Effect of Normalisation in Gradient Boosting Trees

k_vishnu772 · August 2018

HI All,

I am dealing with a small data set of 90 rows and 29 features.I tried many algorithms and stopped at gradient boosting and based on my knowledge gradient boosting does not require any sort of normalisation of numerical data.But when i applied normalise on my data the result got improved little bit and the change i noticed is in Weights coming from the Gradient boosting algorithm,

one of the numerical features where i got zero weight with out normaisation has got highest weight with normalisation ,Could you please help me out here which one to consider.

rfuentealba · August 2018

Hi @k_vishnu772,

Are you able to post the XML process, so that we can see if there is something wrong?
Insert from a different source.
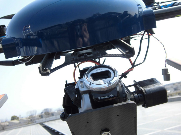 点検を担うカメラは、ジンバル(カメラ固定用の部材)によって、撮影する方向を変えられる。点検対象物がドローンの真上にある場合でも撮影することができる。

Thanks in advance.

All the best,

k_vishnu772 · August 2018

@rfuentealba please find the xml of my process. i am very much interested in finding out the infulential parameters for my model from weights out put of gradient boosting. When i run the process with normalisation i got " att5 " highest weight and when i ran the model without normalisation the same attribute got xero weight and "att 22" got highest weight. So i got confused here as far as i know gradient boosting can handle the data with out normalisation but here i can see some real difference.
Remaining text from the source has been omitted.